▸ **About this task**
All lines below containing the string "ACCU" are to be copied.

Start of Material for the task

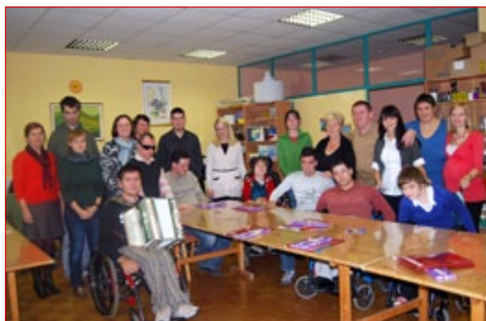
Zaključno srečanje udeležencev izobraževanja UŽU – Moj korak v sodelovanju z društvom Sonček Ptuj

Izvajamo pa še delo s posamezniki, do česar je pravzaprav prišlo naključno. Ob motivacijskih
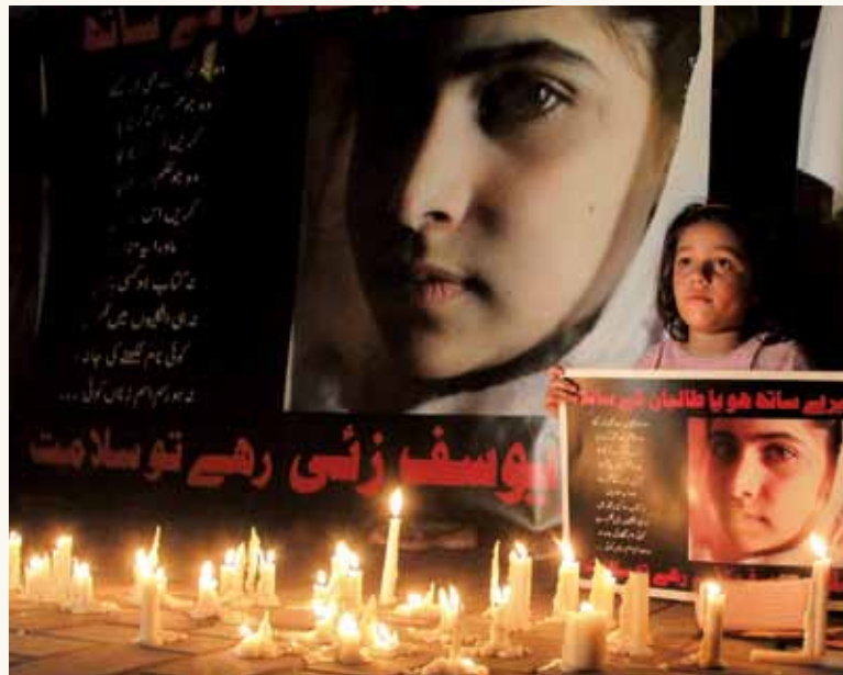
① 馬拉拉 為教育發聲卻遭到槍擊的遭遇，令人心疼。圖中這位 巴基斯坦 的小女孩正在為 馬拉拉 祈福，希望他能醒來，繼續展現他的勇敢。

馬拉拉 是一個1997年7月12日誕生於 巴基斯坦 西北 史瓦特 縣的女孩。 史瓦特 是一個狹長的山谷地，風
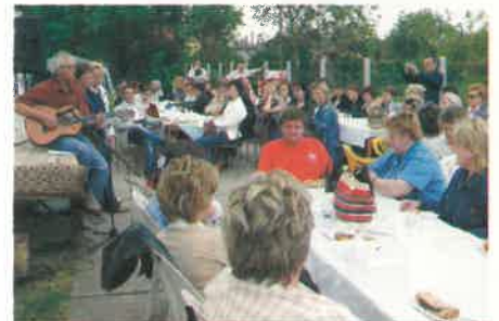
A megnyitón közös énekléssel hangoltak a résztvevők...
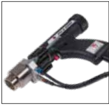
Die Schweißpistole PH-9 SRM 12 ist die Standardpistole für das SOYER BMK-8i ACCU

The PH-9 SRM 12 is the standard gun for the SOYER BMK-8i ACCU
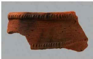
1 | -6 出土土器 (第 358 图 229)
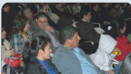
Asociados Asistentes a la Asamblea Inaugural.
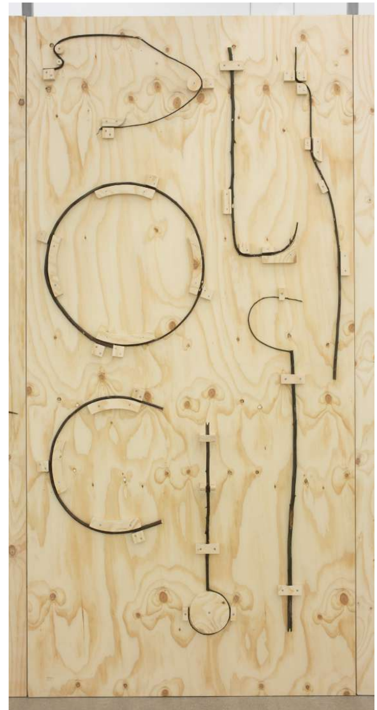
El martinete de Ricardo, 2020 (detalles) Contrachapado de pino y ramas de laurel. 8 elementos de 250 x 125 cm. Medida variable de la instalación.
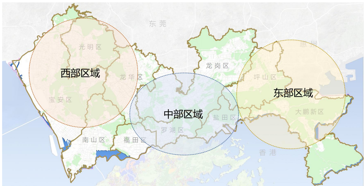
图 2.1-4 工程渣土环保烧结循环经济产业园规划布局图
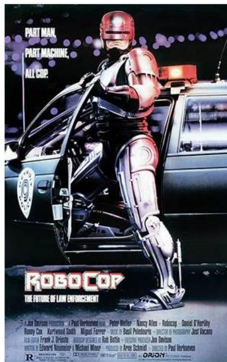
Póster de la película Robocop (Verhoeven, 1987)

La obra constó de varias instancias: concurrieron a escuelas a dar charlas y repartir volantes con teléfonos de abogados para que los jóvenes se comunicaran en caso de ser arrestados; produjeron un micro radial para dar difusión a la campaña que emprendían en contra de la política de tolerancia cero ; se repartieron stickers con la imagen de Robocop (emulando los otorgados por las cooperadoras policiales); y se elaboraron plantillas de stencil con la figura de Robocop a tamaño real y la frase
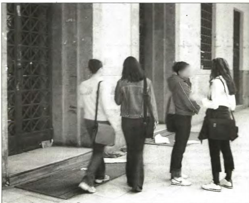
ή στα Γιάννενα μπορεί με τα κοινωνικά κριτήρια να εισαχθεί στην Ια-

Σε ένα άλλο παράδειγμα, ένας φοιτητής του οποίου ο άλλος αδερφός έχει εισαχθεί στη Θεσσαλονίκη
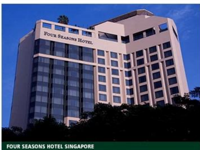
FOUR SEASONS HOTEL SINGAPORE
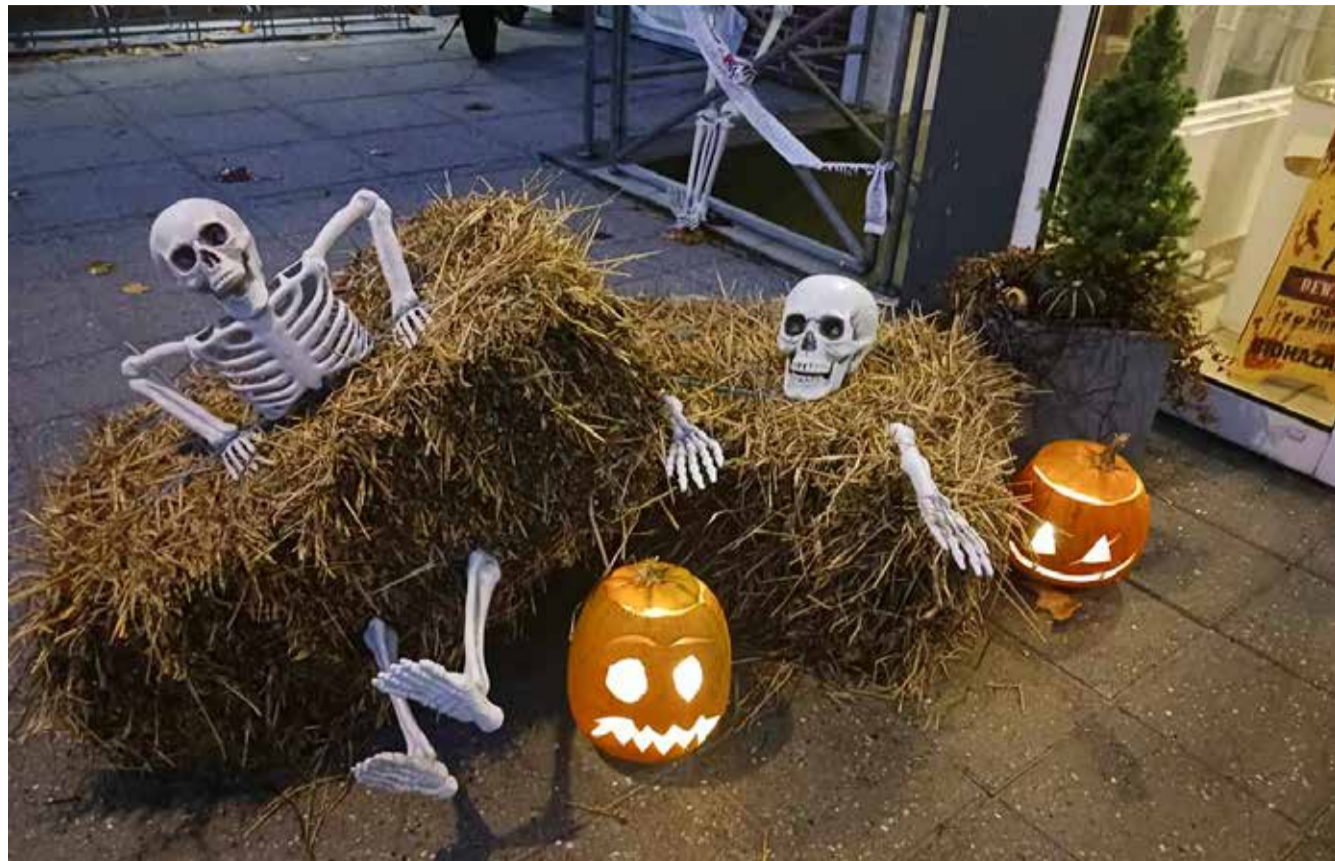
Tekst og fotos: Kristina Svejstrup, Omme Plejehjem.

Mandag den 28. oktober besøgte ikke mindre end 60 børn Omme Plejehjem til et Halloween arrangement.
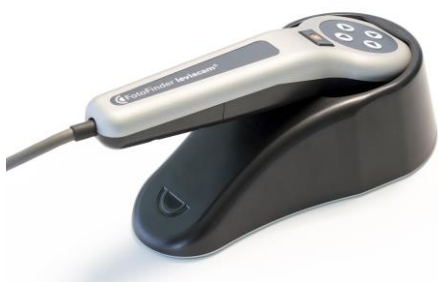
Fig. 6 leviacam en leviabase

La leviacam se entrega con el soporte de la cámara leviabase para su almacenamiento seguro.
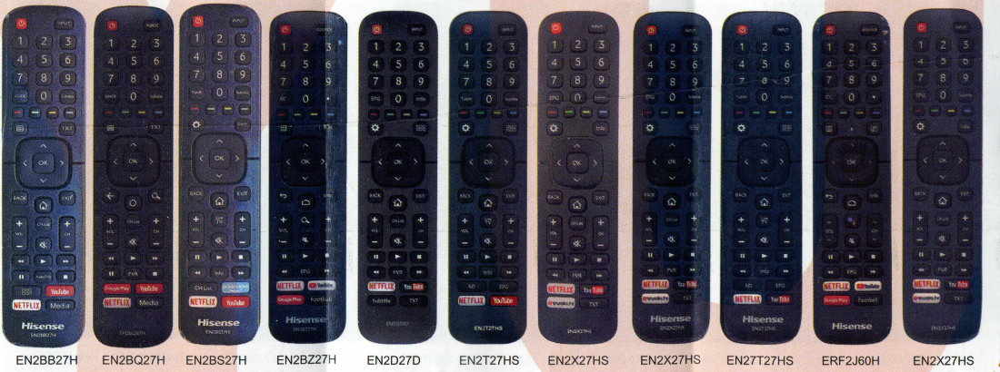
EN2B27H EN2BQ27H EN2BS27H EN2BZ27H EN2D27D EN2T27HS EN2X27HS EN2X27HS EN2T27HS ERF2J60H EN2X27HS
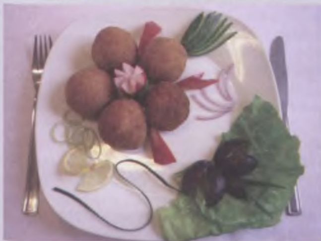
Kuleczki ryżowo - serowe
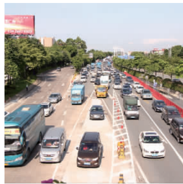
实施封闭后,桂丹路主道(联和段)改道绕行辅道。

近日,笔者从罗村交警中队得知,因佛山地铁3号线(桂丹路站)工程施工需要,中建三局集团有限公司将于8月9日凌晨开始,对桂丹路主道(联和段)进行全封闭施工。据施工方介绍,封闭施工工期预计将持续到2019年3月1日。
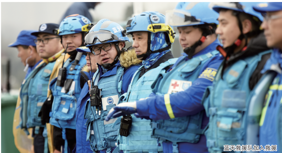
蓝天救援队加入救援
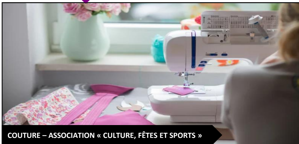
COUTURE – ASSOCIATION « CULTURE, FÊTES ET SPORTS »
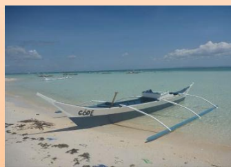
漁業支援 (フィリピン、2013～)

End of Material for the task

▸ **Task answer**
Die Schweißpistole PH-9 SRM 12 ist die Standardpistole für das SOYER BMK-8i ACCU
The PH-9 SRM 12 is the standard gun for the SOYER BMK-8i ACCU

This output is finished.